I have a header file which contains a member variable declaration of a static char array:
class ABC
{
public:
static char newArray[4];
// other variables / functions
private:
void setArray(int i, char * ptr);
}
In the CPP file, I have the array initialized to NULL:
char ABC::newArray[4] = {0};
In the ABC constructor, I need to overwrite this value with a value constructed at runtime, such as the encoding of an integer:
ABC::ABC()
{
int i; //some int value defined at runtime
memset(newArray, 0, 4); // not sure if this is necessary
setArray(i,newArray);
}
...
void setArray(int i, char * value)
{
// encoding i to set value[0] ... value [3]
}
When I return from this function, and print the modified newArray value, it prints out many more characters than the 4 specified in the array declaration.
Any ideas why this is the case.
I just want to set the char array to 4 characters and nothing further.
Thanks...
How are you printing it? In C++ (and C), strings are terminated with a nul. (\0). If you're doing something like:
char arr[4] = {'u', 'h', 'o', 'h'};
std::cout << arr;
It's going to print "uhoh" along with anything else it runs across until it gets to a \0. You might want to do something like:
for (unsigned i = 0; i < 4; ++i)
std::cout << arr[i];
(Having a static tied to instances of a class doesn't really make sense, by the way. Also, you can just do = {}, though it's not needed since static variables are zero-initialized anyway. Lastly, no it doesn't make sense to memset something then rewrite the contents anyway.)
cout.write(arr, count_of(arr))
If count_of isn't defined in a system header:
template<typename T, size_t N>
inline size_t count_of(T (&array)[N]) { return N; }
Are you printing it using something like
printf("%s", newArray); //or:
cout << newArray;
? If so, you need to leave space for the nul-terminator at the end of the string. C strings are just arrays of characters, so there's no indication of the length of the string; standard library functions that deal with strings expect them to end in a nul (0) character to mark the ending, so they'll keep reading from memory until they find one. If your string needs to hold 4 characters, it needs to be 5 bytes wide so you can store the \0 in the fifth byte
You'll need a 5th character with a 0 byte to mark the end of the 4 character string, unless you use custom char-array output methods. If you set value[3] to something other than 0, you'll start printing bytes next to newArray in the static data area.

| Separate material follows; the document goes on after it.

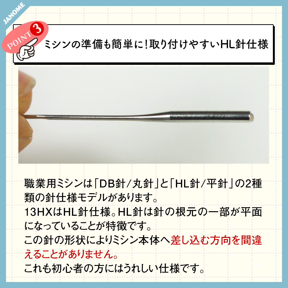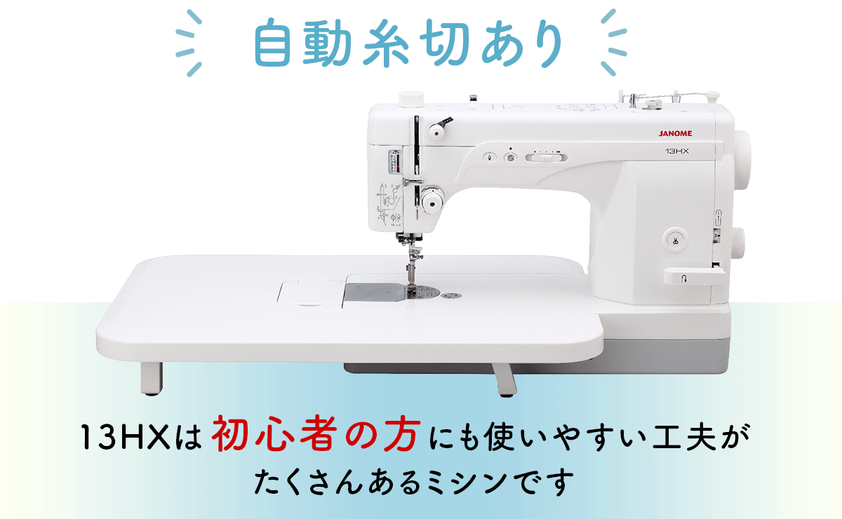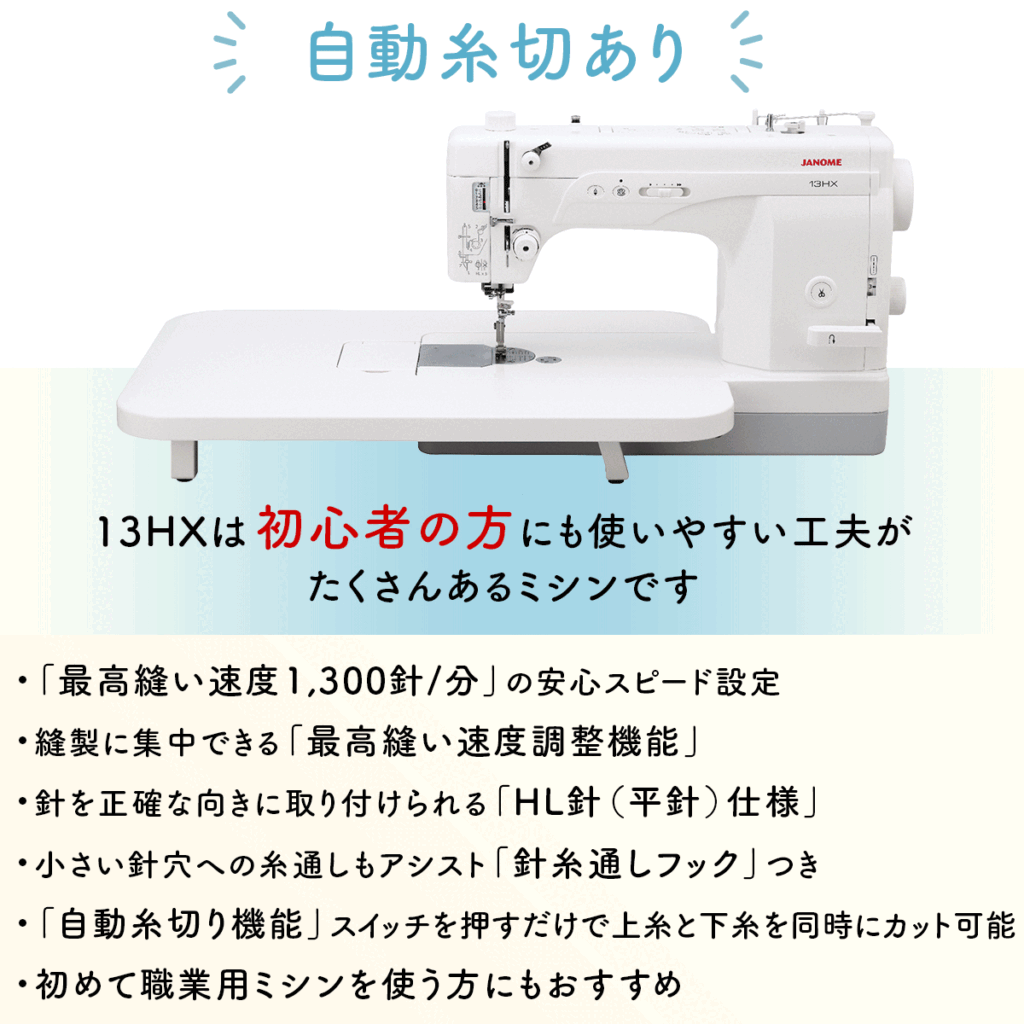 トップページ > 商品 > 用途で探す > 厚い生地を縫いたい > ジャノメ 職業用ミシン [13HX 自動糸切あり] JANOME 蛇の目 HL針仕様 平針仕様 針糸通し機能あり スピード調整つまみあり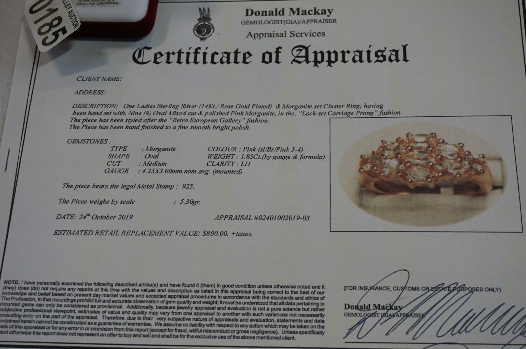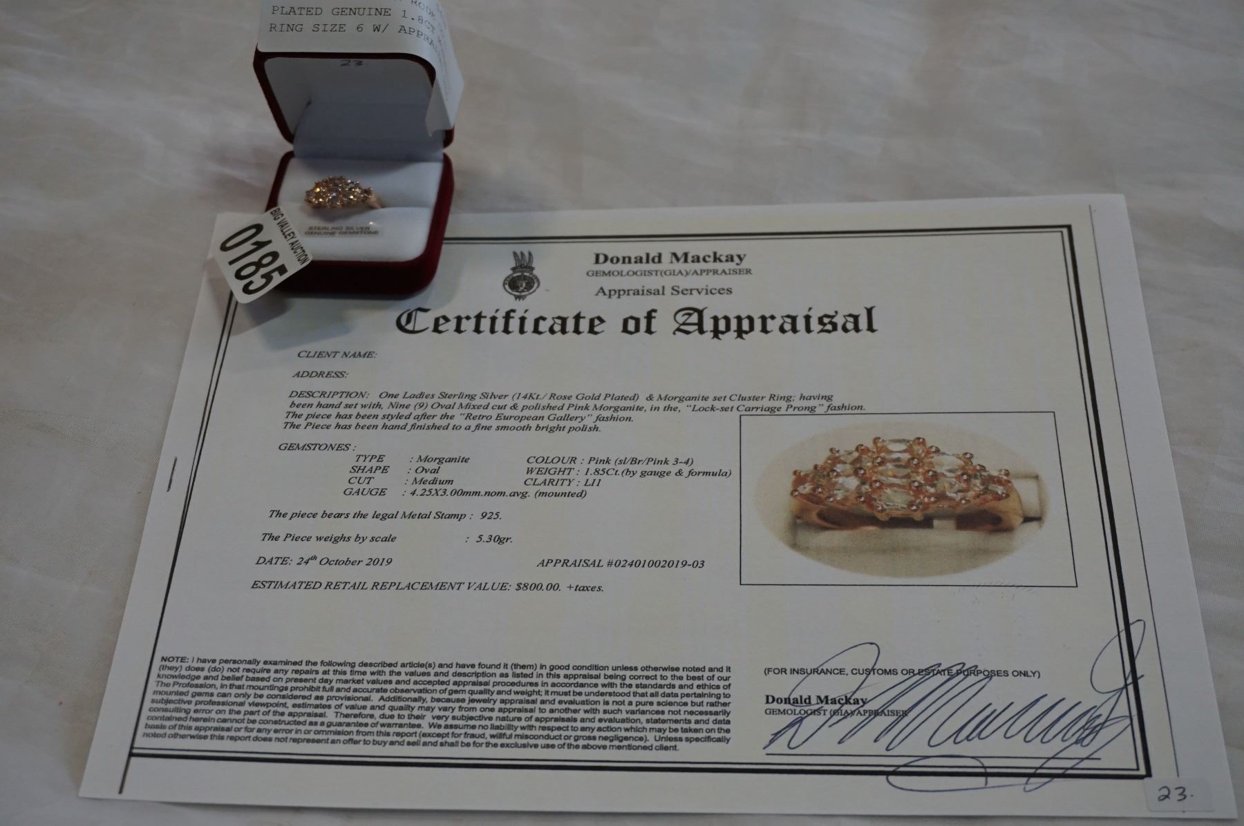 STERLING SILVER RODE GOLD PLATED GENUINE 1.8CT MORGANITE RING SIZE 6 W/ APPRAISAL $800

There's also no need to explicitly 0 initialize static data.
You can best catch those kinds of errors with valgrind's memcheck tool.
It is printing out a string that starts at the address &newArray[0] and ends at the first 0 in memory thereafter (called the null terminator).
char strArr[] = {"Hello"};
char strArr[] = {'H', 'e', "llo");
char strArr[] = "Hello";
char* strArr = "Hello"; // careful, this is a string literal, you can't mess with it (read-only usually)
...are all null terminated because anything in double quotes gets the null terminator tacked on at the end
char strArr[] = {'H', 'e', 'l', 'l', 'o'};
...is not null terminated, single quotes contain a single character and do not add a null terminator
Here are examples of adding a null terminator...
strArr[3] = '\0';
strArr[3] = NULL;
strArr[3] = 0;
With a bit loss of performance, you can fit into 4 byte.. in 'c-style'.
Print either 4 characters or until \0 is reached:
#include <cstdio>
#include <cstring>
...
//calculate length
size_t totalLength = sizeof(ABC::newArray) / sizeof(ABC::newArray[0]);
char* arrayEnd = (char*)memchr(ABC::newArray, '\0', totalLength);
size_t textLength = arrayEnd != 0 ?
arrayEnd-ABC::newArray : totalLength;
//print
fwrite(
ABC::newArray, //source array
sizeof(ABC::newArray[0]), //one item's size
textLength, //item count
stdout); //destination stream
By the way, try to use std::string and std::cout.